The reply should hold only the lines from the one with "Here on the" to the one with "Smaragdzöld színű, csipke", both ends kept, exactly as they appear below, without any pictures.

> _Material provided_
○ ○ ○ ○
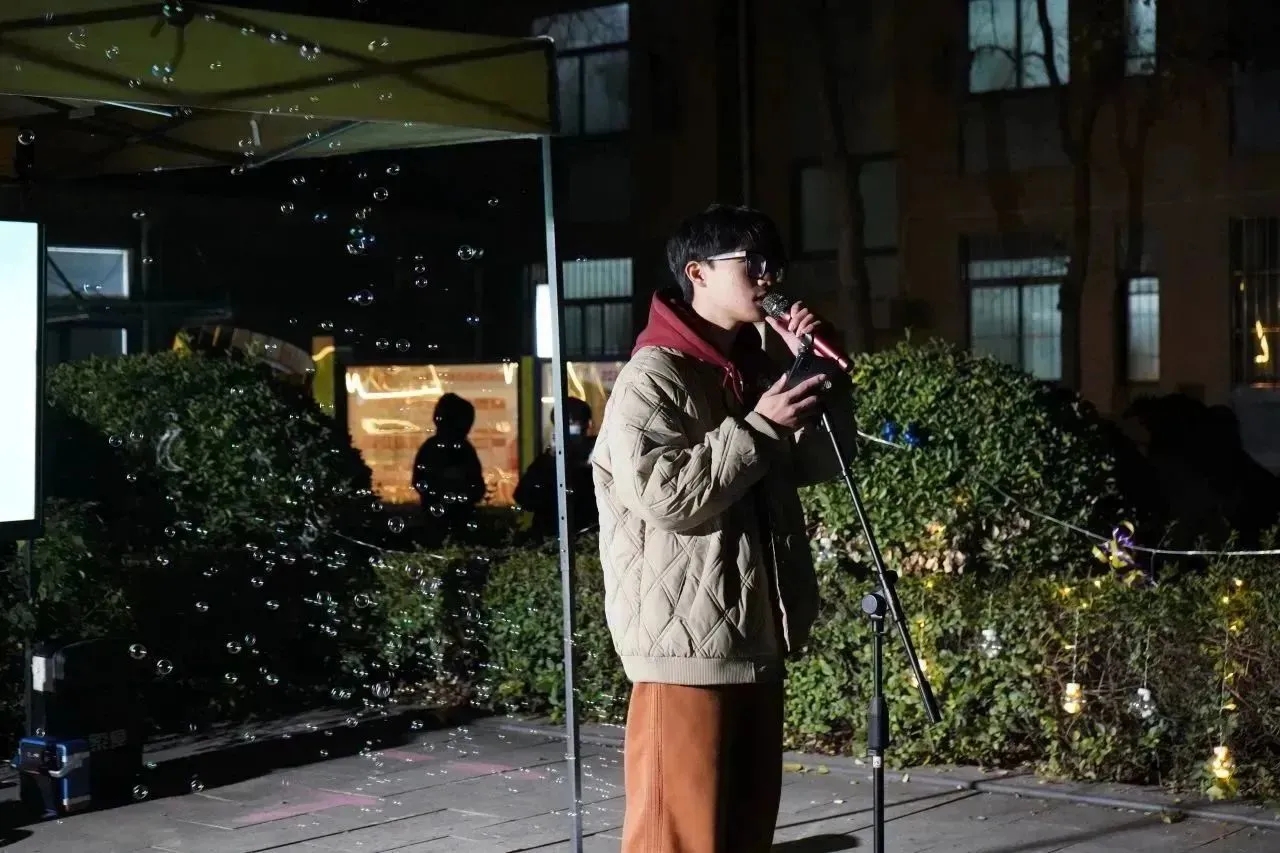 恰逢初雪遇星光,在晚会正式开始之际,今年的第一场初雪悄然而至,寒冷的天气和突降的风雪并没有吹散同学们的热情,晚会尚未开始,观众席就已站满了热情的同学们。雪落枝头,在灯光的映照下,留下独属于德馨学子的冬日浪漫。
○ ○ ○ ○
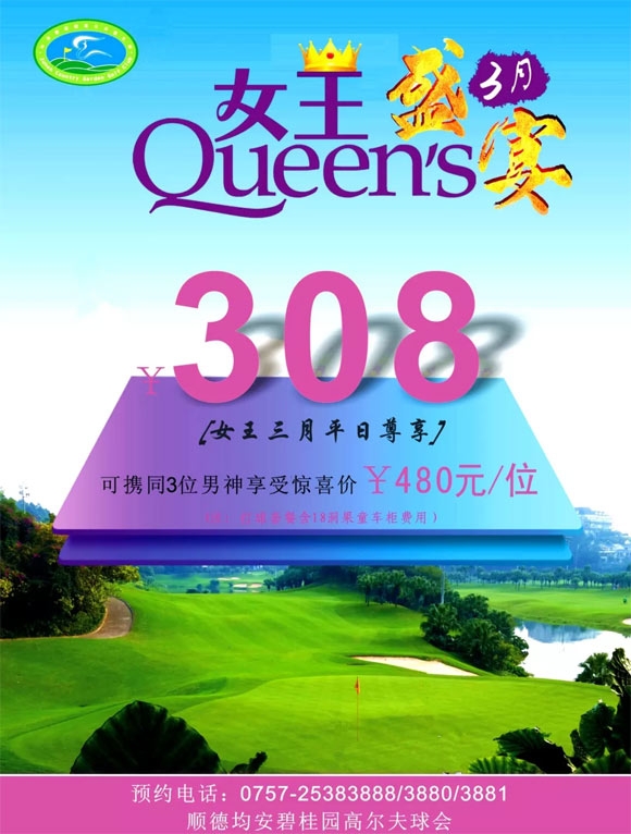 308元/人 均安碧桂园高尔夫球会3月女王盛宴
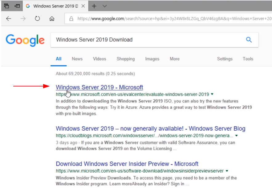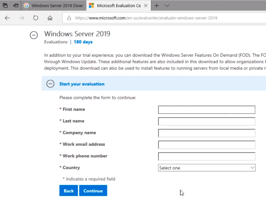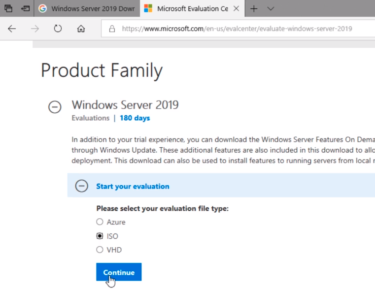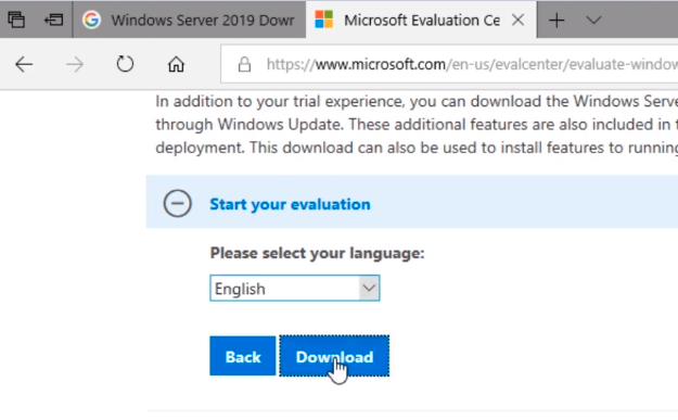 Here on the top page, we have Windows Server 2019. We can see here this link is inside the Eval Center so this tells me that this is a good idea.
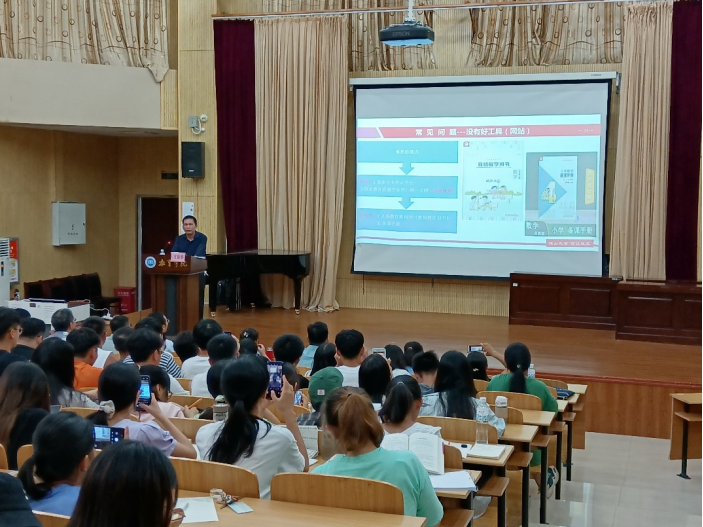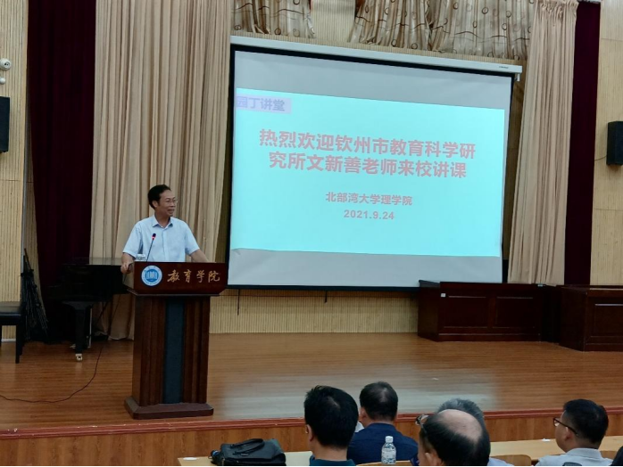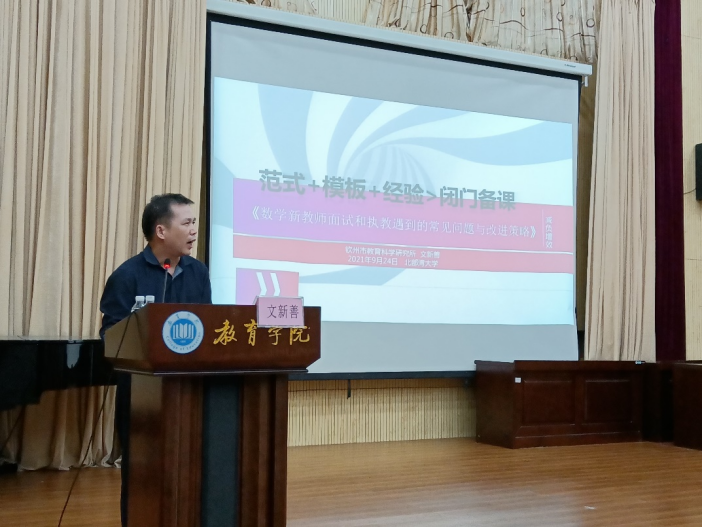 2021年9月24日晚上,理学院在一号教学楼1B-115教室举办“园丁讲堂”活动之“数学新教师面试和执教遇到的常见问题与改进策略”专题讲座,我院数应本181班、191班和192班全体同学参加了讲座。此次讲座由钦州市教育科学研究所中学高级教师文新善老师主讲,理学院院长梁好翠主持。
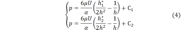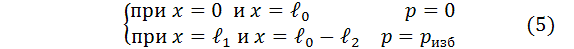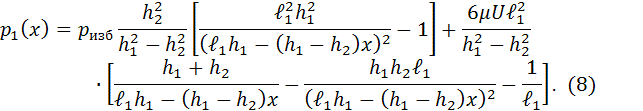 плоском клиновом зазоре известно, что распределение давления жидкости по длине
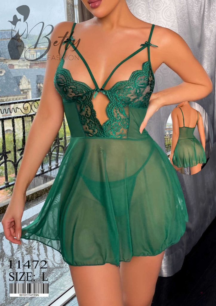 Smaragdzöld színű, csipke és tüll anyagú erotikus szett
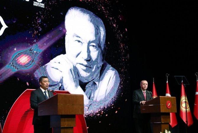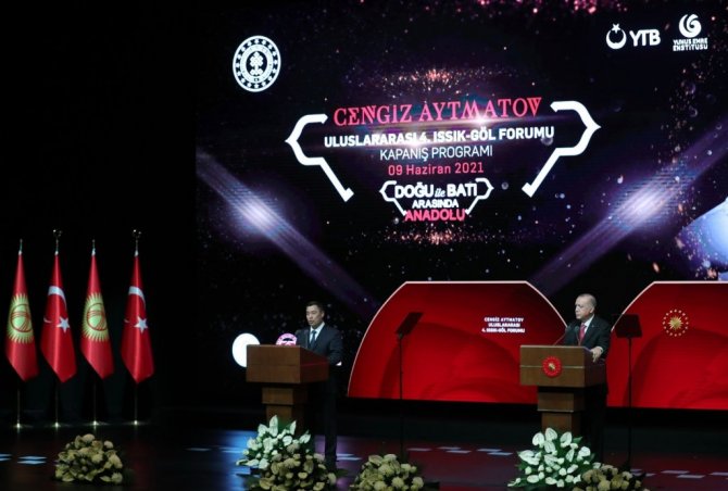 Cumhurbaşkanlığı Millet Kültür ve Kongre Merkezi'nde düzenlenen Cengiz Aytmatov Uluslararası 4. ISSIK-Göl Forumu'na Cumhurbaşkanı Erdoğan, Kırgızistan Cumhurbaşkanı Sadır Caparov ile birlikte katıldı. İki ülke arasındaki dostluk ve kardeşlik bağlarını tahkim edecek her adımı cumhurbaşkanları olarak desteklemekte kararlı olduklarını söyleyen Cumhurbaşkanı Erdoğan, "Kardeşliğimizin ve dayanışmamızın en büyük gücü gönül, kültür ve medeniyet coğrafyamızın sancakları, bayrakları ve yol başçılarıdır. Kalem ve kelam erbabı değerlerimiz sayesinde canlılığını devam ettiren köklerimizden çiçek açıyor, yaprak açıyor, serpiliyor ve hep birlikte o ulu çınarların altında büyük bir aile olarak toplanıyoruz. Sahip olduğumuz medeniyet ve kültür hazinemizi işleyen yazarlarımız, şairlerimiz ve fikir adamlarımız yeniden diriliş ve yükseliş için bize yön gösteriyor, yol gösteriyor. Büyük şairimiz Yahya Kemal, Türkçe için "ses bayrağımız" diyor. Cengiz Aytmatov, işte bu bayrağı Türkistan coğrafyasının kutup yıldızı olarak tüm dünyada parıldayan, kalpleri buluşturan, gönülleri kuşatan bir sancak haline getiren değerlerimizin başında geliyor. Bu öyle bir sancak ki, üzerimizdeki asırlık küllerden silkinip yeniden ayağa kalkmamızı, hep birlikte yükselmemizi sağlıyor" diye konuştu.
○ ○ ○ ○
> _Solution to this exercise_
 Here on the top page, we have Windows Server 2019. We can see here this link is inside the Eval Center so this tells me that this is a good idea.
 2021年9月24日晚上,理学院在一号教学楼1B-115教室举办“园丁讲堂”活动之“数学新教师面试和执教遇到的常见问题与改进策略”专题讲座,我院数应本181班、191班和192班全体同学参加了讲座。此次讲座由钦州市教育科学研究所中学高级教师文新善老师主讲,理学院院长梁好翠主持。
 плоском клиновом зазоре известно, что распределение давления жидкости по длине
 Smaragdzöld színű, csipke és tüll anyagú erotikus szett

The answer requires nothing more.